You cannot fix this for others. COVID is too heavy a burden and it’s not your job. But you may give someone strength to fix one problem, insight to tackle one challenge, fortitude to push on for one more day.
Imagine that we each have one key to a door that brings us one step closer to wholeness in this rocky time. Yours might be perseverance, mine might be compassion. How wonderful it would be if our friendship allowed us to exchange keys from time to time? Over time, would we not cope better with life’s greatest challenges? All we need to do is let others in enough to exchange those keys.
In essence then, the two best forms of friendships involve full acceptance of another and the courage to grow in reciprocity. To foster confidence and strive together for virtue.
In a word, to love your fellow human being, simply and fiercely with no strings attached.
The Talmud teaches, “Any love that is dependent on something, when that thing perishes, so too does the love. [But a love] that is not dependent on something, does not ever perish” (Avot 5:16).
The things on which our love has rested are no more. COVID took our routines, our hobbies, our pastimes away. But it cannot rob us of our souls. And even now, separated by a computer screen and behind a mask, those souls are craving connection.

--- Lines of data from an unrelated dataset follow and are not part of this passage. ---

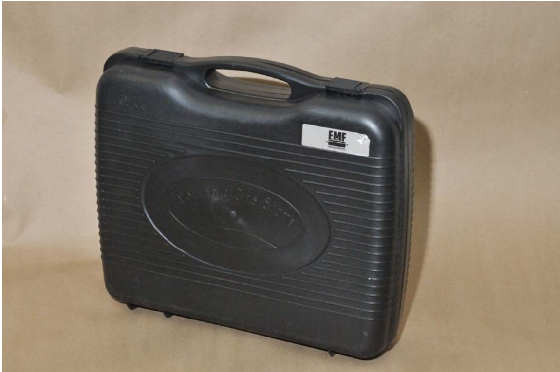
A picture of the unopened product in its plastic case.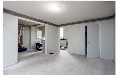
Spare room featuring baseboards and light colored carpet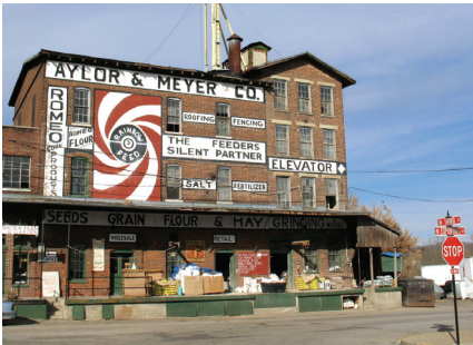
As these photos illustrate, rural can mean many different things. Rural communities, whether they are small towns and cities, working lands, or tourist-based economies, are characterized by an interaction between land and place. Smart growth strategies can be used to maintain the defining characteristics of rural communities as they grow and change.

The land-based economy and its accompanying way of life in rural communities have been affected by a number of outside forces. While many of these changes have been gradual, others have been more immediate. As these communities continue to change, rural identities may be altered and communities may lose the opportunity to set their own agendas. By understanding the challenges that their communities are facing and thinking strategically about future growth and development, rural decision-makers can direct growth in a way that benefits the community while preserving its rural heritage and traditions.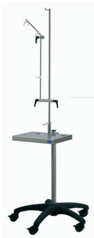
PROFI SONIC / PROFI SONIC H Movable stand, adjustable height Made of stainless steel Catalogue code: PSTS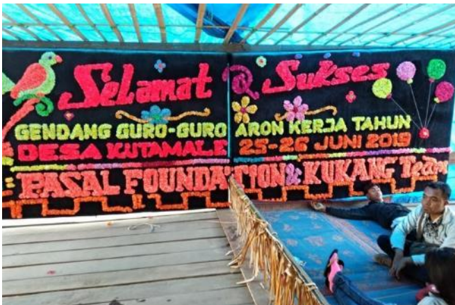
Kukang team supported the harvest festival in Kuta Male

There was a lot going on in 2019 and this report is a summary of only the most important events. Even more plans and new projects are being prepared for the coming years. In addition to the “Kukang Coffee” project, it is worth mentioning the planned international Memorandum of Understanding (MoU) between the Czech Republic and Indonesia on nature conservation and sustainable development. Representatives of The Kukang Rescue Program discussed this MoU in Indonesia together with representatives of the Embassy of the Czech Republic in Indonesia and representatives of the Indonesian Ministry of the Environment and Forestry, as well as in the Czech Republic at the Czech Ministry of the Environment with Deputy Minister of the Environment Smrž, other key people of this ministry, with the Ambassador of Indonesia in the Czech Republic and her Secretary, but also with colleagues from the Liberec Zoo and the Czech Environmental Inspectorate.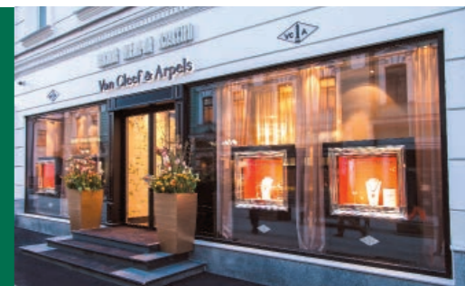
VAN CLEEF & ARPELS, Stoleshnikov Pereulok, 9. Metro «Teatralnaya», Moscow, +7 (495) 937-9042

2012年6月, 顶级珠宝品牌Van Cleef & Arpels (梵克雅宝) 在莫斯科的新专卖店正式开业, 新店位于斯特尼克夫小巷9号。从外观上看, 新店整体精美豪华, 而内部装修则以高级灰绿色为主色, 雅致大方。专卖店共两层, 售有梵克雅宝Alhambra 和Perl é e经典系列, 以及Poetry of Time系列高级手表。新店高雅且迷人, 融合了古典与现代风格, 在这里, 您能感受到梵克雅宝品牌特有的魅力及其追求完美的精神。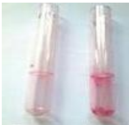
Fig 3:- Biofilm formation by Candida species (Tube method)

A loopful of organisms from the surface of SDA plate was inoculated into tube containing 10ml of Sabouraud Dextrose Broth supplemented with glucose. The tubes were incubated at 35°C for 48hours. After incubation, the culture supernatants were decanted and the tubes were washed with phosphate buffer saline (pH 7.3) and the dried tubes were stained with 1% Safranin. Excess stain was removed by washing with de-ionized water. Tubes were then dried by positioning them invertedly. Tubes were then observed for biofilm formation. Biofilm formation was considered positive when a visible film lined the wall of the test tube.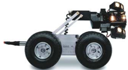
IBAK ARGUS with pneumatic tyres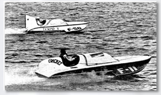
The Tempo V at the 1946 Biscayne Bay Regatta.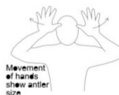
Movement of hands show antler size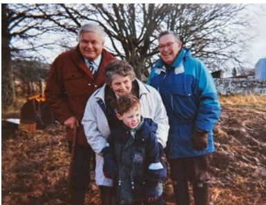
"Cutting the first turf" ceremony.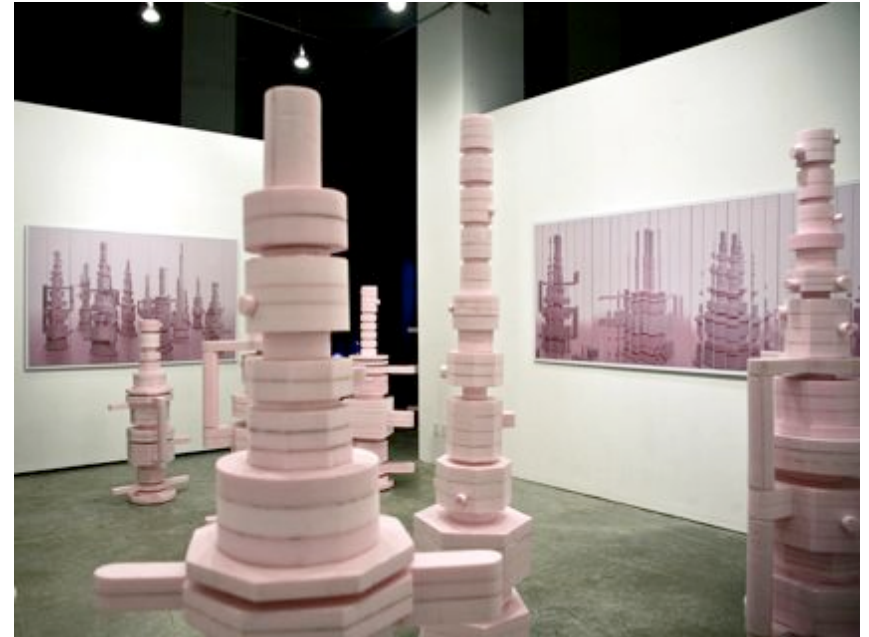
Louise Noguchi Shanghai Dragon (Moisture Forms) , 2008 Photographs

Noguchi examined the role of the heroic landscape in Hollywood action films such as Star Wars , Enter the Dragon , and The Lady from Shanghai . The artist recreates props from these movies remaking them in materials different from their original in order to give the work a new context. By using a photograph to represent the mirrors and sculptures of the objects within the reflections, viewers will not be able to locate themselves within their environment. This new space is reminiscent of film space where one is an unseen participant in a scene.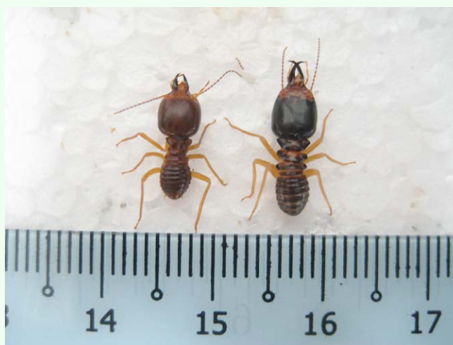
Figure 1. Macrotermes carbonarius soldier. Left: parasitized soldier; Right: healthy soldier, (Scale bar = 1.0 mm). High quality figures are available online.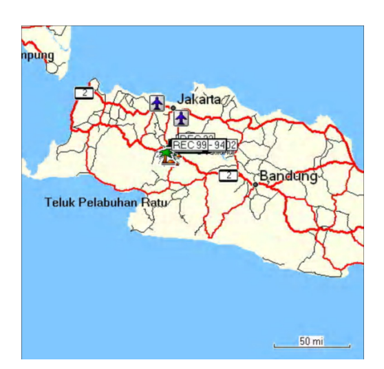
Figure 2. Study site in West Java of Indonesia

Field trips, and ecological observations of B. dulcis focused on trees, fruits and their habitat and interviews with the farmers were conducted two days a week during the harvest period, starting from February until April 2008 mostly in Bogor, Cianjur, Sukabumi, Tangerang, Depok, Bekasi and Purwakarta of West Java, Indonesia (Figure 2).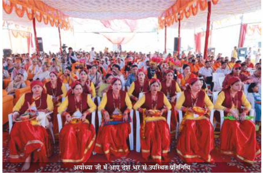
अयोध्या जी में आए देश भर से उपस्थित प्रतिनिधि

इन्होंने अयोध्या आकर एक वर्ष तक रामकथा का मर्म जाना और प्रशिक्षण प्राप्त किया।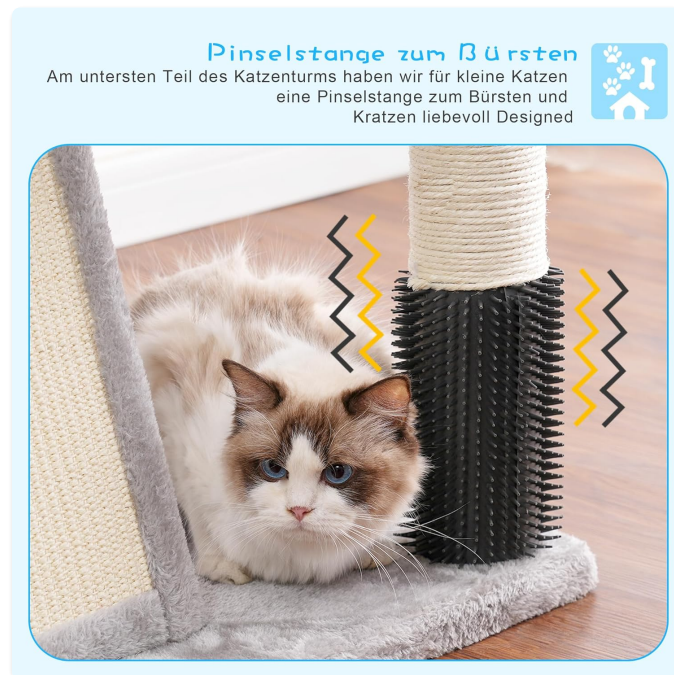
Figure 4.3: A cat interacting with the brushing post located at the base of the tree. This feature allows cats to groom themselves and provides an additional sensory experience.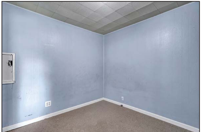
Bonus room off of the living room which might be able to be converted to a 3rd bedroom.

Times of crisis form an opportunity for us all, for they strip away the façade. Because can’t build friendships dependent on the usual things, we are forced to go deeper, faster. If you have the courage to seek out others in which to confide and grow, you will leave this crisis for the better. With so much of our lives on hold, our relationships are at least one thing we have the agency to foster.
There is an ancient teaching that “anyone who stands beside their community in distress will merit seeing the consolation of that community” (Ta’anit 11a). We are all in distress in some way, but we are also able to stand beside others in it. I have faith we will see consolation one day. But until then, we hold one another up, stronger together, ready to support one another in whatever the next moment brings.